When she was born blue and not crying, my world stopped. She was my world and it was in a spin, a spiraling, scary out of control pain that set in my heart. While she was in her own struggle to the left of me, I began hemorrhaging and they put me under, put me to sleep to control my bleeding better. My last thought was of her. When I awoke hours later, before I even opened my eyes I whispered her name. I was groggy, barely coherent and she was ingrained in me. My heart was with her. I needed her.
The nurse informed me that the crying I could hear was her, my Nora. She was crying, it was the most glorious sound I have ever heard. I felt like I was floating, I have never felt as strong of a relief as I did in that moment. When they wheeled me to my room I was told to get some sleep and they could bring her to me when I woke up. I felt no pain, no grogginess, I could not even sit up all the way from the epidural, but I demanded them to bring her to me. She was it, the very thought my brain was thinking. It was all for her, I needed to see her.
I held her, and she was perfection. I was complete. She is the reason I am a Mom. She is it. She made me who I am. Her being there was the perfection. My labor, the surgery, that was all forgotten. She was beautiful, breathing, eating, sleeping and pooping. Yes, even that was miraculous.
Less then 2 hours after I was out of recovery I was told to get up and do laps around the hospital hallways, pushing my sweet girl along the way. My husband told me to take it easy. How could I take it easy? I had a daughter to take care of. I needed to get back to normal, I yearned to be a Mommy and I was not letting a little thing like a surgery prevent me from being that. The recovery was brutal, but the most brutal part about it was my stubbornness and anger in that I had to do it. This was never the plan, I had to catch up. |
In remembering those moments, my thoughts in that time. Looking at my c-section scar, my three healthy kids. I have nothing to prove, I have no reason to claim I earned it, I simply just did. I am not shaming any Mom who birthed her child naturally, a Mom with an epidural, one who delivered her baby in the back seat of a car, a Mom with a c-section (by choice or necessity), a Mom who married and gained a child, a Mom who adopted her child. We all have stories, hurtles, battle scars, and wounds to show and tell. All of us are Mom's, and none of us should be apologetic of how we became one.
My scar is my story. It is the physical proof that I put everything aside for my child. I gave my body over, willingly to be maimed for my baby. My three children. The one I felt my heart surge for when I saw that little kidney bean shape blob on the sonogram. The one I felt my heart lurch and shatter when she was born blue. The one I held in my arms and felt such pride for when all was said and done. The same baby that now both challenges, excites, exhausts, and makes my love grow more everyday with her 7 year old self.

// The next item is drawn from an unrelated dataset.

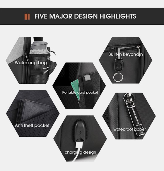 This is a practical and stylish Laptop backpack. Its large space has multifunctional compartments for the items you need and find them quickly. The TSA anti-theft lock not only changes the aesthetics of the backpack, but also guarantees the security of your items. The surface of the backpack is made of high-quality, waterproof materials, the zipper is also waterproof.

I became a Mom to be her Mom, to be my two son's Mom. That was the goal, the perfection of the birth. My bad ass scar is just the way my kids began their life. It was the first of a lifetime of moments I will put my children before anything else, including myself. I risked it all for them, and always will with no hesitation. I will never make an excuse for that, apologize, shy away from or make my case for ever again. I did it, that is the important part. We made it, that is the perfect birth plan I should have been planning for. That is what we all should be celebrating, we made it, we did it, we are Mom's and our kids are here, living. No apology's should be made. Never again will I proclaim anything but pride for my journey to Motherhood. I am Mom enough.